Intellectual Property Rights

"Intellectual Property (IP)" includes patents, copyrights, trademarks, trade secrets, and inventions. "Relevant IP" refers to IP generated by the Contractor during their collaboration with the Company.All Relevant IP rights are assigned to the Company by the Contractor. Regarding Relevant IP, the Contractor shall assist the Company in securing IP protection (e.g., patents, trademarks), maintain the confidentiality of the Company’s IP for 2 years post-termination, and deliver all documents and materials related to Relevant IP to the Company. Compensation for Relevant IP is included in the Contractor’s fees.

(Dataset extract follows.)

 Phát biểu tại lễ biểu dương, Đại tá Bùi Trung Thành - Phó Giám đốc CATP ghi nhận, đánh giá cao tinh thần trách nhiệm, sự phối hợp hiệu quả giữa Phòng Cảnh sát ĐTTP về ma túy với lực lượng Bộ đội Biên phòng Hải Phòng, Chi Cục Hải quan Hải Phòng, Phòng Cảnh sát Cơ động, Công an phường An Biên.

Anti-Bribery and Corruption

The Contractor is strictly prohibited from offering, promising, giving, authorizing, or accepting bribes, directly or indirectly. Hospitality, entertainment, or gifts must be reasonable and not aimed at influencing business decisions. The Contractor must promptly report any suspected or confirmed incidents of bribery or corruption to the Company.

Prohibited Jurisdictions / Territories

Contractors from certain jurisdictions / territories, including Crimea/Sevastopol and other Ukrainian occupied territories, Russia, Belarus, Cuba, Iran, Sudan, North Korea, Myanmar, Syria, and other jurisdictions / territories under international sanctions imposed by the USA, EU, or UN, are prohibited from providing services to the Company.

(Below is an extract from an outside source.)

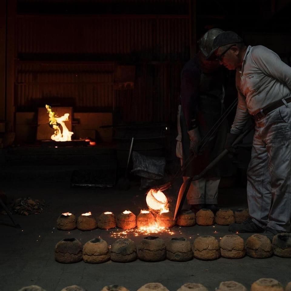 創業180年余りの歴史に培われた伝統の技術と知恵をもとに、伝統的な焼型鋳造法による「佐波理」製のおりん・祇園祭や各地の囃子鉦・鳴物神仏具を専門に製造している国内でも数少ない工房です。

Anti-Money Laundering and Terrorist Financing (AML/CFT) Measures

The Contractor is committed to preventing money laundering and terrorist financing, including collecting and verifying essential information about counterparties, conducting background checks through government registries and sanctions lists, and refraining from relationships with entities involved in high-risk activities or offering forged documents.

Personal Data Processing

The Contractor grants explicit consent for the Company to process its personal data in accordance with applicable data protection laws and regulations. The Company processes the Contractor’s personal data for various purposes, including contractual performance, legal compliance, and legitimate interests. The Company may transfer the Contractor’s data to third-party processors and other countries for these purposes, ensuring compliance with applicable data protection laws and adequate data security measures. The Contractor retains various rights regarding personal data, including access, correction, deletion under certain circumstances, restriction or objection to processing based on legitimate grounds, data portability, withdrawal of consent, and the right to lodge a complaint.

Responsibility for Breach

The breaching party shall compensate the other party for damages and legal costs incurred due to the breach.

Termination and Survival

The Agreement is indefinite but may be terminated upon notice. Certain clauses (Confidentiality, Non-Compete & Non-Solicitation, IP) survive termination.

Contractor Compliance

The Contractor must obtain necessary permits, pay taxes, and comply with applicable laws.

Rights and Remedies

The remedies provided in the Agreement are supplementary to, not exclusive of, legal rights and remedies.

Severability

If any provision is deemed unenforceable, the remaining provisions shall remain valid. The Parties will endeavor to amend the unenforceable provision in good faith.

Assignment

The Company may assign its rights under the Agreement with prior written notification to the Contractor.

Governing Law and Dispute Resolution

This Agreement shall be governed by and construed in accordance with the laws of England and Wales, without regard to its conflict of laws provisions. Any disputes arising from this Agreement, including those concerning validity, interpretation, or enforcement, shall be resolved by the London Court of International Arbitration.